Мадам Ума стоит неподвижно. Я выглядываю из-за спины Американди.
– Никогда больше не прерывай мой обход, – тихо говорит мадам Ума.
И уходит.
Идут недели, но ничего не меняется. Сонали Хан во дворе так и не появилась. В телевизорной – все тот же старый ящик. Каждую неделю женщины возлагают свои надежды на какой-то день: ее точно сюда переведут в воскресенье или в следующий вторник. А потом до нас доходит весть, что Сонали Хан сидит под домашним арестом – то есть живет в своем доме, как прежде. Для богатых даже слово «тюрьма» имеет иное значение. Так можно ли меня осудить за желание стать даже не богатой, а всего лишь из среднего класса?
· Физрук ·
На втором митинге партии Джана Кальян Физрук оказывается близко к сцене.
– Вы своими глазами видите, – продолжает речь Бимала Пал, – что наша партия…
Микрофон начинает хрипеть. Бимала Пал делает шаг назад, публика ревет и размахивает флажками. Физрук тоже машет флажком, сохранившимся с прошлого митинга.
– Вот что наша партия дает всем округам штата, – говорит Бимала Пал. – Завод автозапчастей…

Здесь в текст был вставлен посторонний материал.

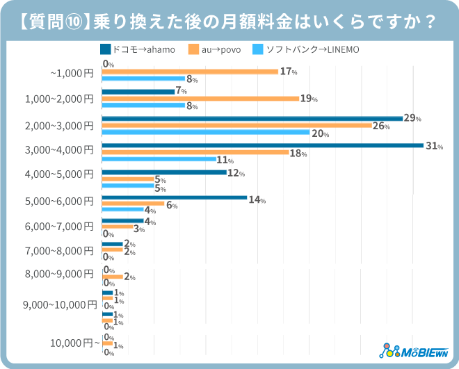 「乗り換えた後の月額料金はいくらですか?」という質問では、どの大手から乗り換えた人も「2,000~3,000円」が1位という結果になりました。
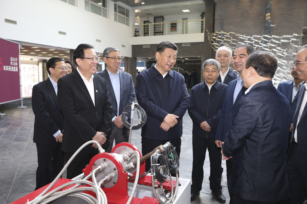↑2018年5月2日,習近平在北京大學金光生命科學大樓一層大廳認真聽取關于學校學科建設、人才隊伍建設、科研創新能力提升等情況介紹。
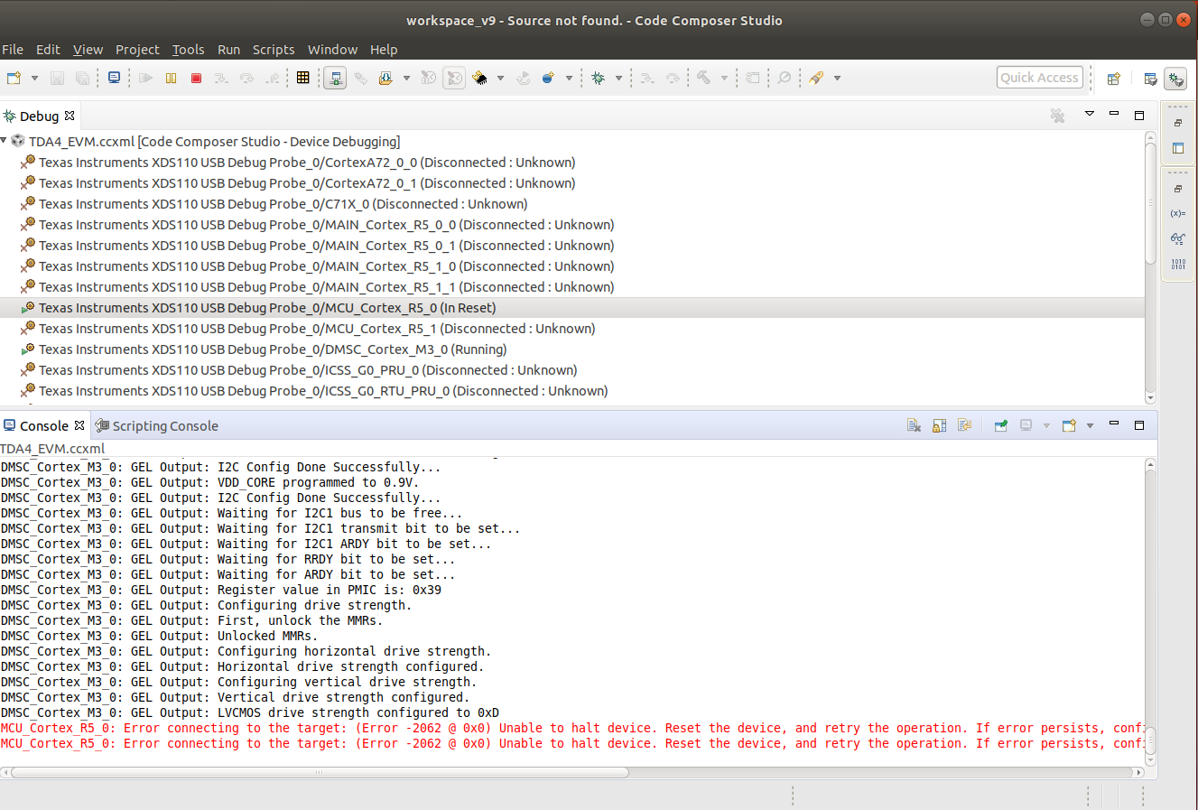 Error loading "/home/tda4dev/psdk_rtos_auto_j7_06_00_00_00/pdk/packages/ti/drv/sciclient/tools/ccsLoadDmsc/j721e/sciclient_ccs_init_mcu1_0_release.xer5f": Timed out after 20000ms while waiting for target to halt after an auto-run to "main (/home/tda4dev/psdk_rtos_auto_j7_06_00_00_00/pdk/packages/ti/drv/sciclient/tools/ccsLoadDmsc/j721e/launch.js#125) (/home/tda4dev/psdk_rtos_auto_j7_06_00_00_00/pdk/packages/ti/drv/sciclient/tools/ccsLoadDmsc/j721e/launch.js#125)
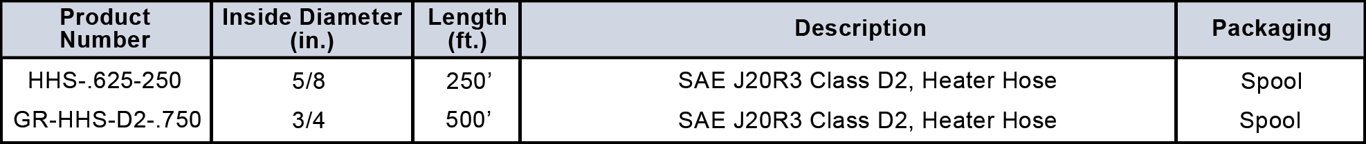 **A variety of SAE J20R3 Spec Heater Hoses are available for various automotive aftermarket requirements per specific OE chassis builders. We currently stock the SAE J20R3 D2 version, which is considered the Standard heater hose for most automotive applications. Also available is the SAE J20R3 D1 Improved Service heater hose. These products resist weathering and provide a long, trouble-free service life.
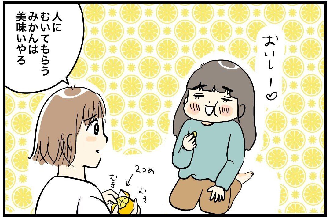 「人にむいてもらうみかんは美味いやろ」と、娘さんのために皮をむいてあげています。美味しそうに食べる娘さんの姿にも癒されますね。
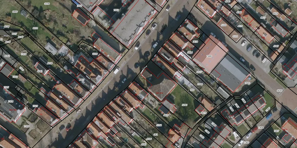 Het perceel waarop Noard 102 staat heeft een oppervlakte van 850 m². Dit is een groot perceel. De perceeloppervlakte wordt geregistreerd door het Kadaster. Gedetailleerde informatie over de maten van dit perceel kunt u vinden in het rapport Kadastrale kaart met maatvoering van Noard 102.

Микрофон вновь срывается в хрип. Кто-то в публике закрывает уши ладонями.
– На заводе найдут работу три! тысячи!..
Снова хрип. Госпожа Бимала со строгим лицом оглядывается в поисках техника. У нее за спиной снуют помощники, ищут звуковика, который, наверное, отошел покурить. Публика начинает скучать, перетаптываться.
В безумии решительности Физрук идет вперед, подняв руку.
– В сторону! – кричит он. – В сторону!
Взбегает через две ступеньки, заверяя телохранителей Бималы Пал, что хочет всего лишь починить микрофон. Дергает провод, проверяет разъем, отодвигает микрофон чуть подальше от оратора. Говорит в него:
– Раз, два, три. Раз, два, три.
Голос звенит над толпой чисто и резко.
Сердце у Физрука успокаивается, стучит медленнее.
Бимала Пал продолжает свою речь, а Физрук, сидя на пластиковом стуле, который ему дал кто-то в глубине сцены, смотрит на огромное количество собравшихся. Их тут несколько стадионов, головы как муравьи. Это тебе не избалованные ленивые ученицы, занимающие его дни, не тетки-училки, после работы ордой бросающиеся смотреть бенгальские детективы и есть китайскую лапшу. Разве был он хоть когда-нибудь среди такого огромного числа патриотов, людей, которые работают на развитие страны, которые сейчас слушают на улице умного оратора, а не дрыхнут дома под одеялом?
Закончив свою речь, Бимала Пал идет в глубину сцены благодарить Физрука. Он вскакивает, складывает руки в приветствии.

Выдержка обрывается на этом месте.